Review of Auto Focus

Auto Focus (2002)
7/10
Powerful but distant and cold (***)
25 November 2002
"Auto Focus" tells the sad, sad true story of Bob Crane, the sitcom star of "Hogan's Heroes" whose life became a rapid downward spiral due to his obsession with sex and homemade pornography. It cost him two marriages, his relationship with his three children, and eventually his life, when he was beaten to death with a tripod in an Arizona motel room in 1978, a murder which is unsolved to this day.

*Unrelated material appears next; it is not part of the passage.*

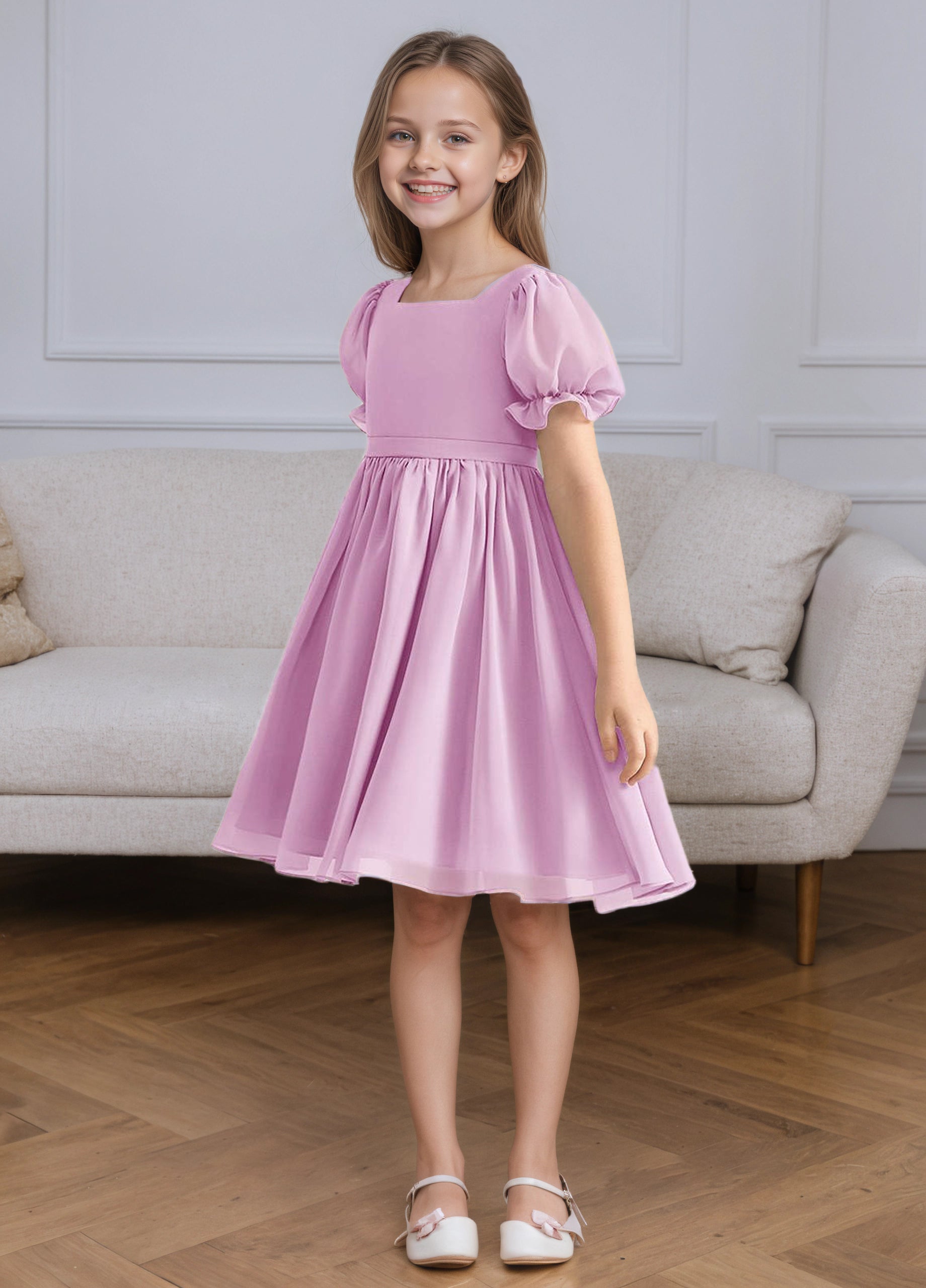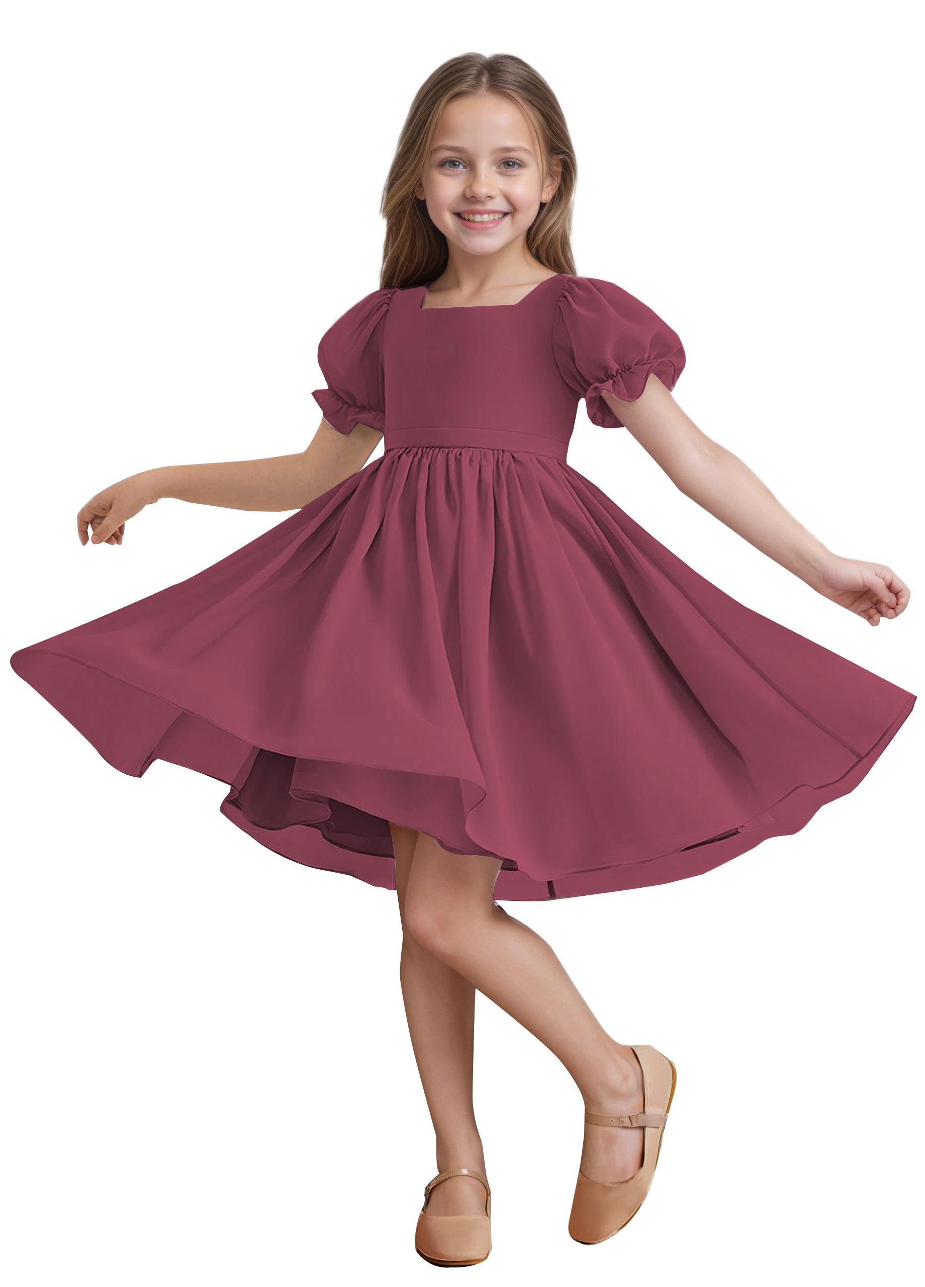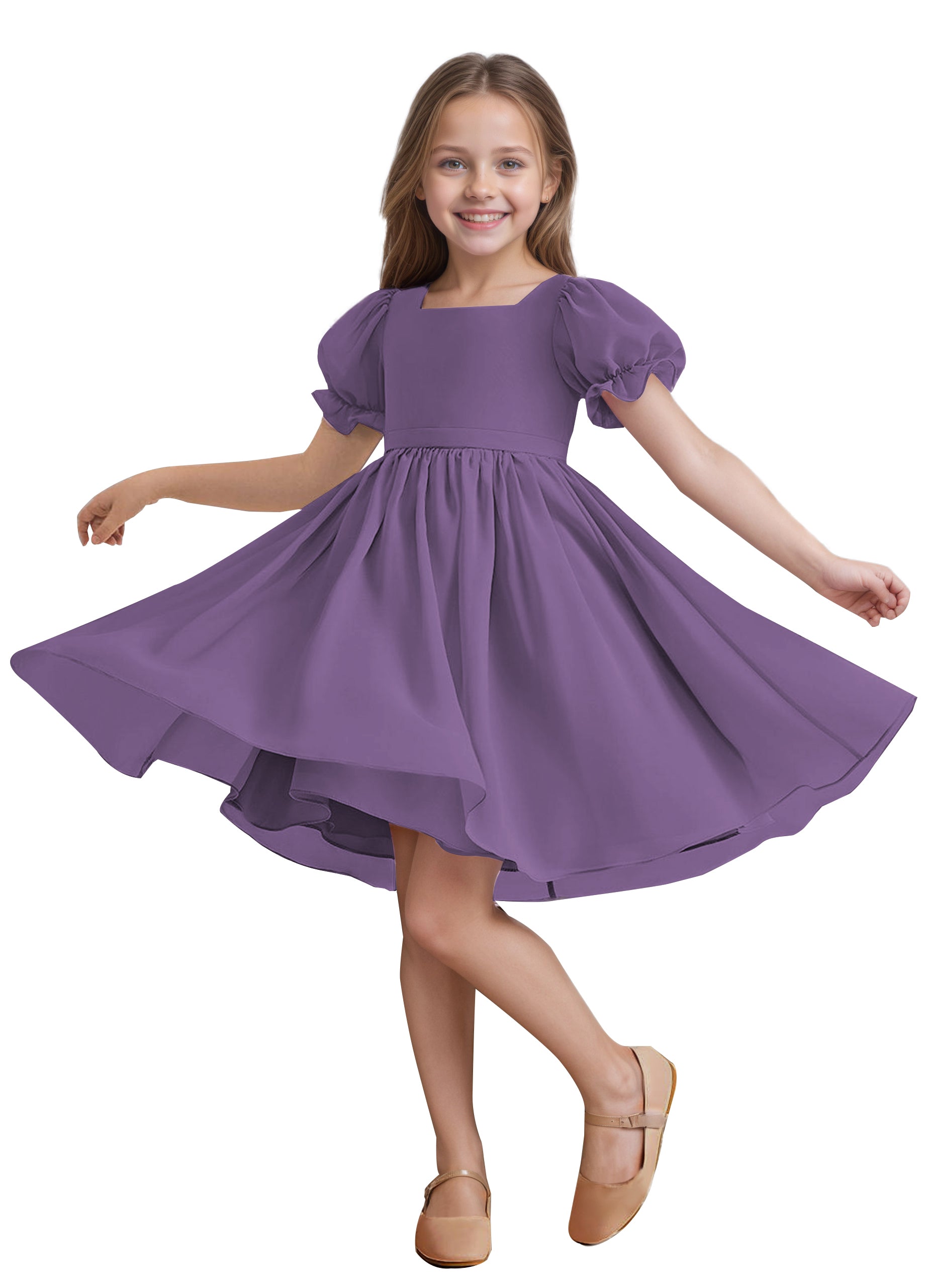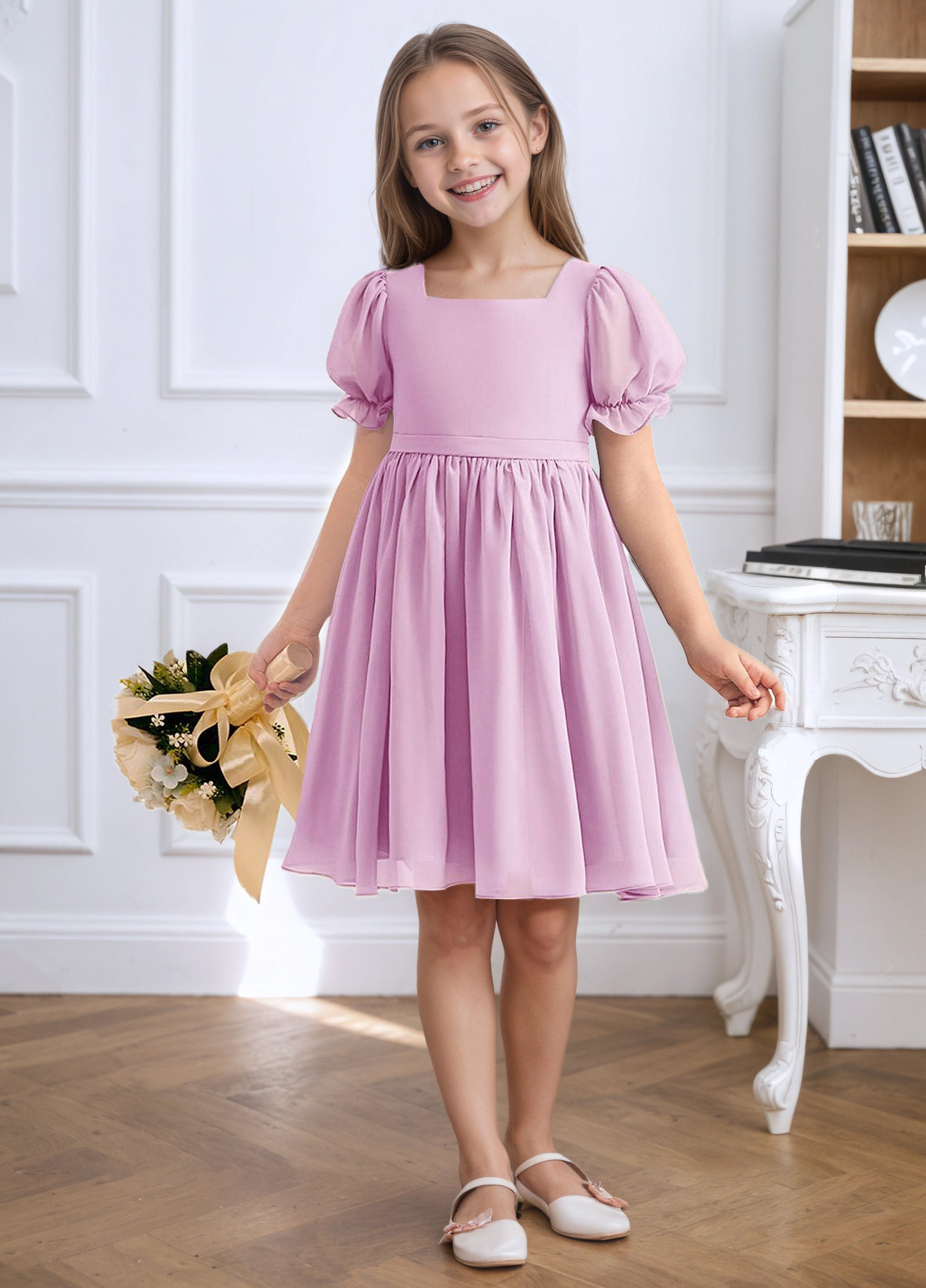 Chiffon Short Sleeves Flower Girl Dresses Knee Length Junior Bridesmaid Dresses for 4-16 650C

Greg Kinnear, in a very good and convincing performance, plays Crane as a man who is sympathetic and just wants to be liked but is weak in the face of temptation and self-involved. We feel really sorry for him as he lets himself get deeper and deeper into the muck, but it's even sadder because he had no one to blame but himself.

His best friend, John Carpenter (not the horror director), is a tech whiz who always has the very latest video equipment and it is him who led Crane into making homemade pornography. He's played by Willem Dafoe in a great, twitchy performance. Dafoe is so good at playing creepy, greasy characters that it's hard to believe the guy has actually played nice, honorable characters before in movies like "Platoon" and "Mississippi Burning".

There are some problems with "Auto Focus". Even though it has a fascinating story to tell, it never really, REALLY grabbed me the way it should have. The character of Bob Crane is viewed from a distance; even with Kinnear's excellent performance I never felt like I really knew or understood him. As a result, the movie lacks the emotional punch that I felt it should have had.